Smoking has always had its critics. One of the earliest and most memorable critiques—both for its poetic quality and invocation of a moral, religious, and health considerations—was that of King James I in 1603. Alarmed at the way English noblemen were taking to the habit following its introduction by Sir Walter Raleigh, he condemned smoking as, “A custome lothsome to the eye, hateful to the nose, harmefull to the braine, dangerous to the Lungs, and in the black stinking fume therof, neerest resembling the horrible Stigian smoke of the pit that is bottomless.” Few heeded his advice to abstain and nearly three hundred years later, Englishmen and their American cousins annually smoked, chewed, and sniffed enormous quantities of tobacco. The critics who rose to challenge this growing obsession with tobacco were few and far between and they were generally ignored as health fanatics or puritanical evangelicals.
It was in the early 1880s, however, that the United States witnessed the rise of a new, vigorous, and widespread anti-smoking movement which lasted until the 1920s. While some of its members spoke out against all forms of tobacco, the great majority focused on a relatively new product: the cigarette.
As late as 1880 cigarettes comprised a barely visible fraction (less than one percent) of annual tobacco consumption, but the combination of James A. Bonsack’s invention of a mechanical cigarette making machine in 1880 and James B. Duke’s marketing genius set the stage for the cigarette’s rise to national prominence by the turn of the century. Whereas Americans consumed 500 million cigarettes in 1880, they consumed four billion by 1895 and sixteen billion by the eve of World War I.
Those who smoked cigarettes in this era were overwhelmingly working class city dwellers, many of them immigrants from southern and eastern Europe where the cigarette had already become popular. No city took to smoking cigarettes more than New York where by 1895 its citizens accounted for one quarter of the total national cigarette consumption.
Even as cigarette smoking remained on the fringes of tobacco use in the late nineteenth century, it managed to draw an unusually intense level of criticism and a steadily escalating call for its prohibition. In many ways this turn-of-the-century anti-cigarette crusade mirrored similar efforts to ban prostitution, boxing, gambling, and drinking. Indeed many of the movement’s members, like Carrie Nation, were active in these causes.
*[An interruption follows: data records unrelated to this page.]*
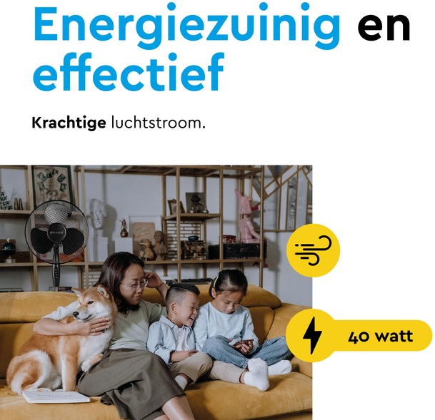 Krachtige en instelbare luchtstroom. Met drie instelbare snelheidsstanden kies je eenvoudig de perfecte verkoeling. Of je nu een zachte bries of een krachtige luchtstroom nodig hebt, deze ventilator past zich aan jouw wensen aan. Dankzij de grote ventilatorbladen en een vermogen van 40 watt geniet je binnen enkele seconden van een aangename temperatuur.
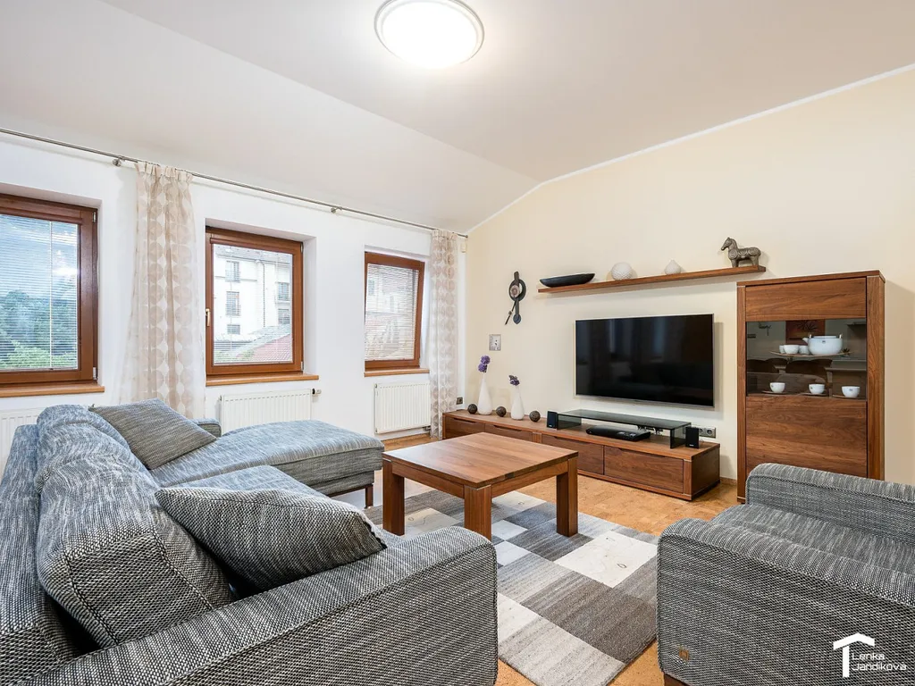 Nabízíme vám k pronájmu plně zařízenou bytovou jednotku v centru města. Byt o celkové výměře 92m² se nachází ve vnitrobloku rodinného domu a je kompletně vybavený a v rámci komfortnější bydlení je v bytě instalována klimatizační jednotka.
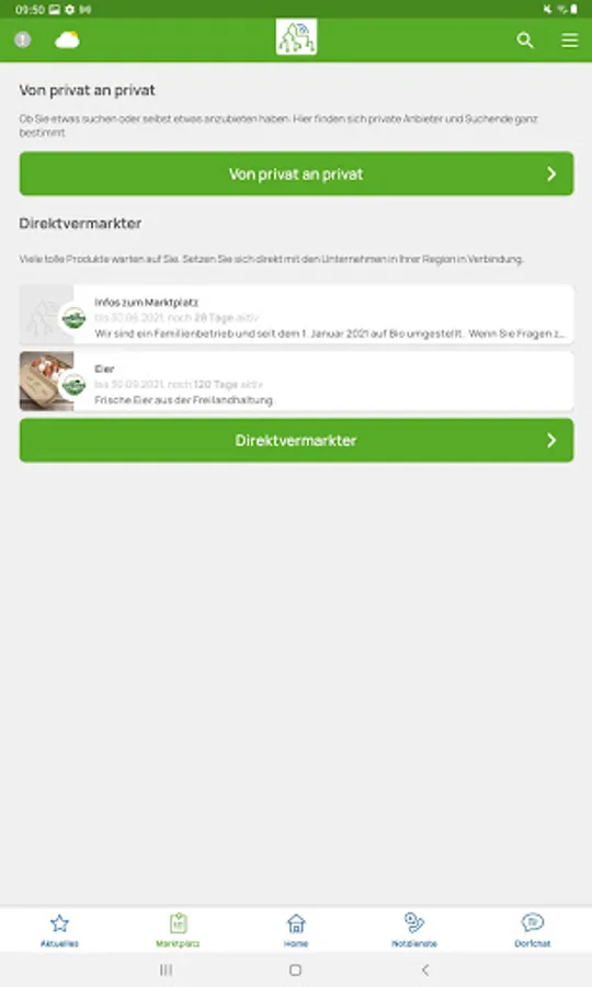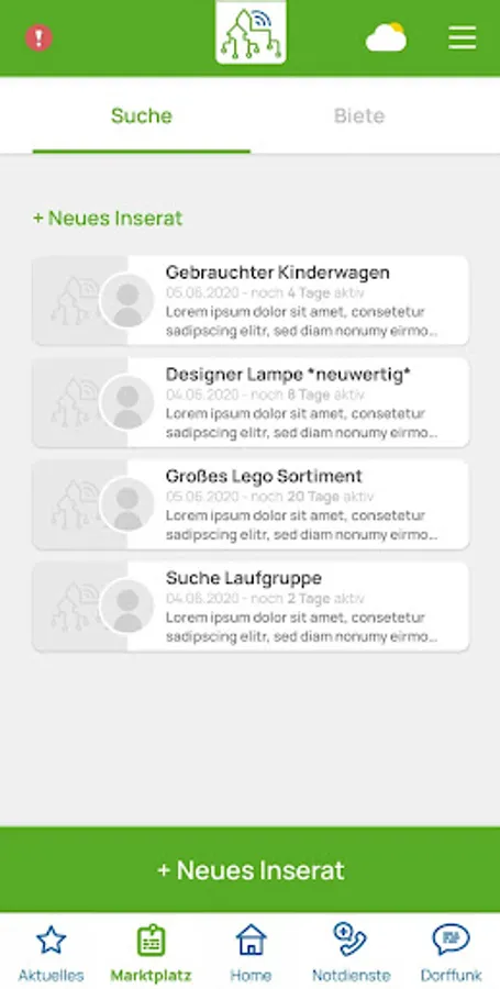 - The marketplace section is the so-called digital “bulletin board”. Here, the village app users can either advertise in search or for offers. If the user is looking for help with shopping, for example, he can place it there.

By far the most prominent figure in the anti-cigarette crusade was Lucy P. Gaston who in 1890 established the Chicago-based Anti-Cigarette League of America. She and her like-minded supporters centered their argument against cigarettes on three principal issues. First, they condemned the cigarette as culturally unsuitable for Americans. They were symbols of the frivolous, effeminate, and foreign lifestyle of Europe. The New York Times, for example, argued in 1884 that “[t]he decadence of Spain began when the Spaniards adopted cigarettes” and warned that “if this pernicious practice obtains among adult Americans the ruin of the Republic is close at hand.”
Second, prohibitionists also condemned cigarettes as uniquely tempting to working-class boys, in part because they were cheap (five cents for a pack of ten), small, mild, and quickly used. The cigarette habit, prohibitionists argued, was a “gateway” vice that set young boys on the road to a life of intemperance and addiction. “Where boys drink to excess,” opined one editorialist, “they are almost invariably smokers; and it is very rare to find a man over-fond of spirits who is not addicted to tobacco.” Eventually the cigarette led smokers to a life of crime. “The ‘cigarette fiend’ in time becomes a liar and a thief,” reported one New York City Board of Education official, “He will commit petty thefts to get money to feed his insatiable appetite for nicotine.” This notion was popularized by the tabloid press. “Charles Burton, aged 17, is to be hanged for murder,” the New York Telegram informed its readers in a typical notice, “He was a cigarette fiend.”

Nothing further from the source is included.